Búsqueda retrasada. Oaxaca aún no cuenta con una Comisión Estatal de Búsqueda, aunque debía asumir su cargo en abril de 2018. Las investigaciones in loco comenzaron unos 20 días después de la desaparición forzada, a mediados de abril. El caso tiene dos huellas: el juicio contra los perpetradores y el rastreo de la víctima. El presidente Andrés Manuel López Obrador ha dicho que se hará justicia sin importar si Huerta pertenece o no a su partido político. «También creemos en las autoridades que se hará justicia», dijeron sus familiares.

Uruchurtu tiene un mexicano y un Reino Unido. Y el caso llegó a las puertas del Parlamento británico, donde representantes de la familia acudieron al gobierno mexicano para esclarecer los hechos. Las Naciones Unidas también se sumaron a las demandas por su aparición con vida, junto a varias asociaciones cívicas de Oaxaca. López Obrador anunció el martes pasado que un testigo protegido en la investigación aseguró que el activista había sido asesinado. «Se supone que la orden vino del presidente municipal», dijo el mandatario. El fiscal general Arturo Pambert, quien respaldó a los familiares en el proceso de búsqueda, también dijo a la prensa que lo más probable es que lo «encontraran muerto», aunque aún no se descarta una línea de investigación.

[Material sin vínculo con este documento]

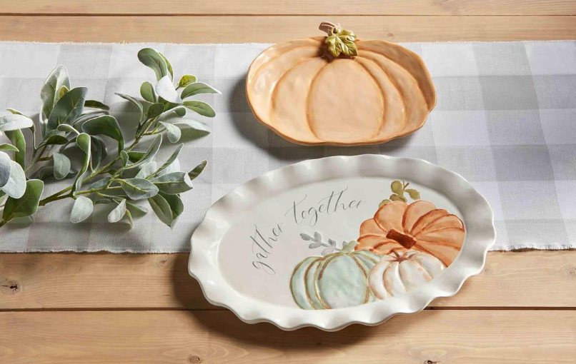 Set of two ceramic nesting platters. Individual wholesale price is small, _; large, _.

«Lo último que podemos hacer es perder la esperanza», dijo Sara Uruchurtu, instando a todos los que la vieron a brindar información sobre su paradero. «En este país, las personas están formadas por miembros de familias y comunidades, por lo que necesitamos ciudadanos para ayúdanos ”, pide su hermana. La crisis de violencia que ha asolado a México en las últimas décadas ha provocado la desaparición de más de 80.000 personas y la mayoría de los delitos quedan impunes. «Este podría ser un caso ejemplar, que es un hito en la crisis del país», dijo Uruchurtu sobre la posibilidad de ser justo y encontrar a su hermana. La primera parte se zanjará en cuatro meses, fecha fijada para el inicio del juicio, ante el cual Huerta y los dos policías detenidos se enfrentarán entre rejas. La segunda sigue siendo una herida: encontrar a Claudia Uruchurtu, una activista que no ha dejado de hablar de corrupción en Oaxaca.